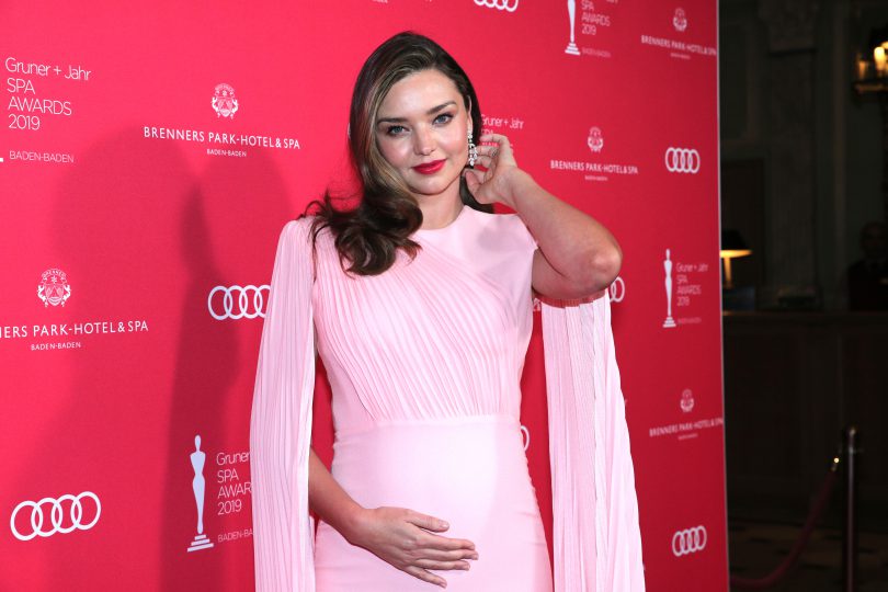 Supermodelul australian de 35 de ani a anuntat vestea pe Instagram, postand o fotografie cu ea imbratisandu-si burtica pe covorul rosu Gruner + Jahr Spa Awards in Baden-Baden, Germania. Miranda era prezenta la ceremonie pentru primi premiul Beauty Idol, pentru rolul ei ca fondator al brandului de cosmetice organice Kora Organics.
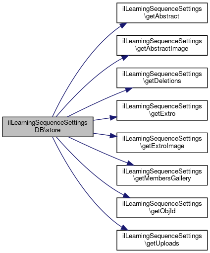 References ilLearningSequenceSettings\getAbstract(), ilLearningSequenceSettings\getAbstractImage(), ilLearningSequenceSettings\getDeletions(), ilLearningSequenceSettings\getExtro(), ilLearningSequenceSettings\getExtroImage(), ilLearningSequenceSettings\getMembersGallery(), ilLearningSequenceSettings\getObjId(), and ilLearningSequenceSettings\getUploads().
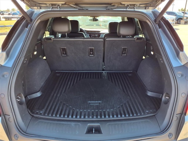 M radio: SiriusXM, Apple CarPlay/Android Auto, Auto High-beam Headlights, Automatic Stop/Start w/Disable, Automatic temperature control, Bodyside moldings, Bose Premium 8-Speaker Audio System Feature, Brake assist, Bumpers: body-color, Compass, Delay-off headlights, Driver door bin, Driver vanity mirror, Dual front impact airbags, Dual front side impact airbags, Electronic Stability Control, Emergency communication system: OnStar and Cadillac connected services capable, Exterior Parking Camera Rear, Four wheel independent suspension, Front anti-roll bar, Front Bucket Seats, Front Center Armrest, Front dual zone A/C, Front License Plate Bracket, Front reading lights, Fully automatic headlights, Garage door transmitter, Genuine wood door panel insert, Heated door mirrors, Heated Driver & Front Passenger Seats, Heated front seats, Illuminated entry, Knee airbag, Lateral Mesh Cargo Net, Leather steering wheel, Leatherette Seating Surfaces, Low tire pressure warning, Occupant sensing airbag, Outside temperature display, Overhead airbag, Overhead console, Panic alarm, Passenger door bin, Passenger vanity mirror, Power door mirrors, Power driver seat, Power Liftgate, Power passenger seat, Power steering, Power windows, Radio data system, Radio: Cadillac User Experience AM/FM Stereo, Rear anti-roll bar, Rear reading lights, Rear seat center armrest, Rear window defroster, Rear window wiper, Remote keyless entry, Road Emergency Tool Kit, SiriusXM w/360L, Speed control, Speed-sensing steering, Split folding rear seat, Spoiler, Steering wheel mounted audio controls, Tachometer, Telescoping steering wheel, Tilt steering wheel, Traction control, Trip computer, Turn signal indicator mirrors, Variably intermittent wipers, Voltmeter, and Wheel Locks.
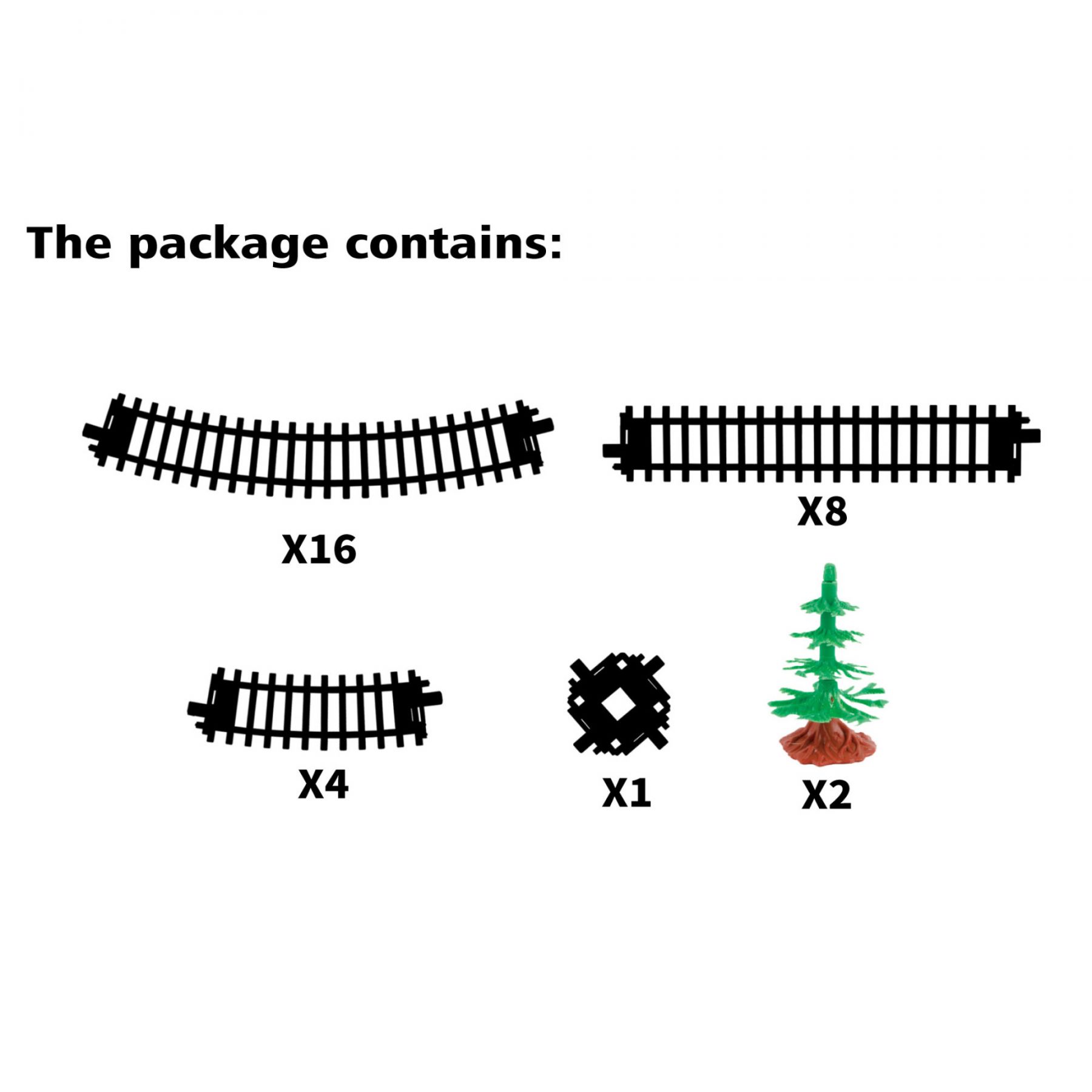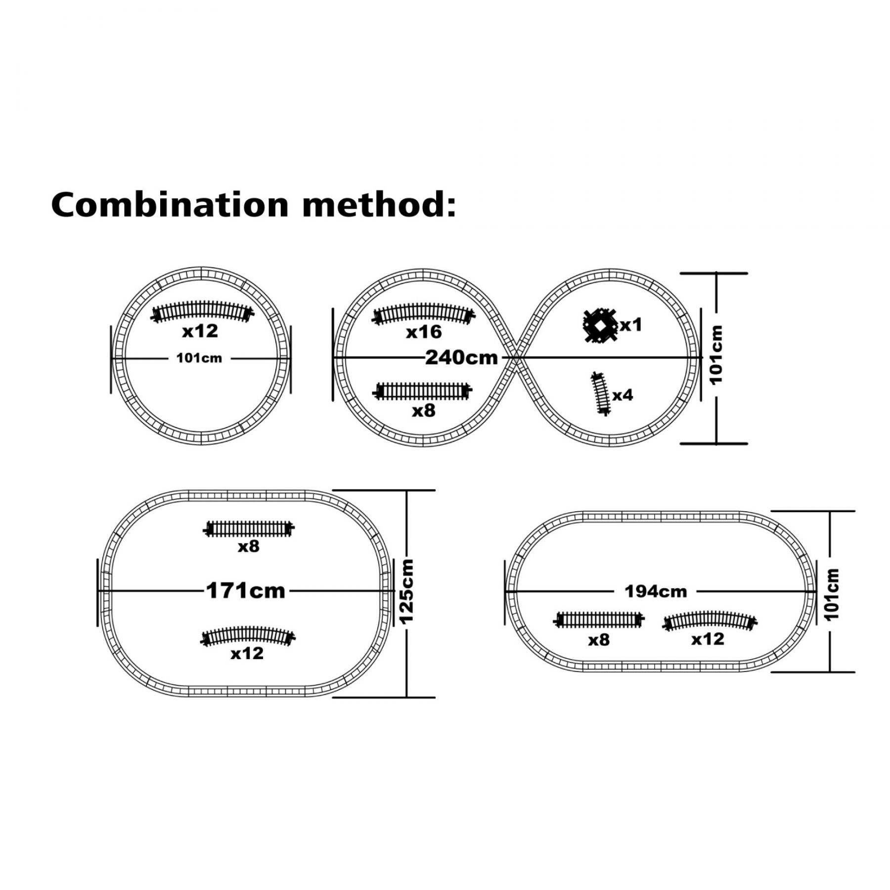 У комплект входять чотири вагони, а також набір рейок, які можна зібрати біля різних конфігурацій овальної трасі.
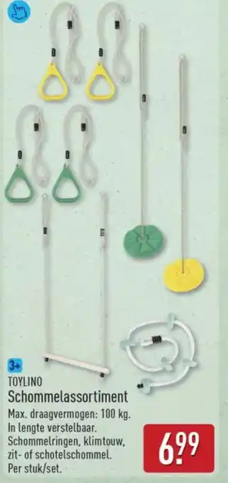 De prijs van de Toylino Schommelassortiment kan ook teruggevonden worden hierboven op de pagina, samen met de datum van wanneer de aanbieding beschikbaar is. Ook kun je de prijzen in de huidige ALDI folder of op de ALDI website controleren. De aanbiedingen verzekeren je van het kopen van de ALDI producten voor de laagste prijs.
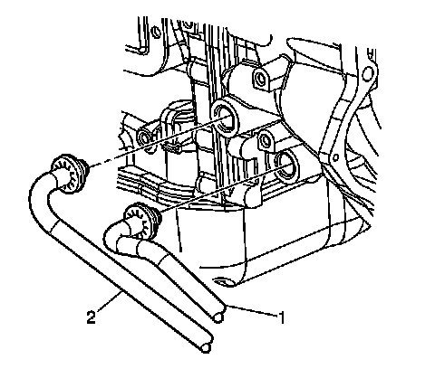 26. Disconnect the transmission oil cooler lines (1, 2) from the transmission.

_____

Exercise instructions
Your reply should consist solely of the lines from the one containing "У комплект входять" through the last line of the material, reproduced exactly and without pictures.

The completed task
 У комплект входять чотири вагони, а також набір рейок, які можна зібрати біля різних конфігурацій овальної трасі.
 De prijs van de Toylino Schommelassortiment kan ook teruggevonden worden hierboven op de pagina, samen met de datum van wanneer de aanbieding beschikbaar is. Ook kun je de prijzen in de huidige ALDI folder of op de ALDI website controleren. De aanbiedingen verzekeren je van het kopen van de ALDI producten voor de laagste prijs.
 26. Disconnect the transmission oil cooler lines (1, 2) from the transmission.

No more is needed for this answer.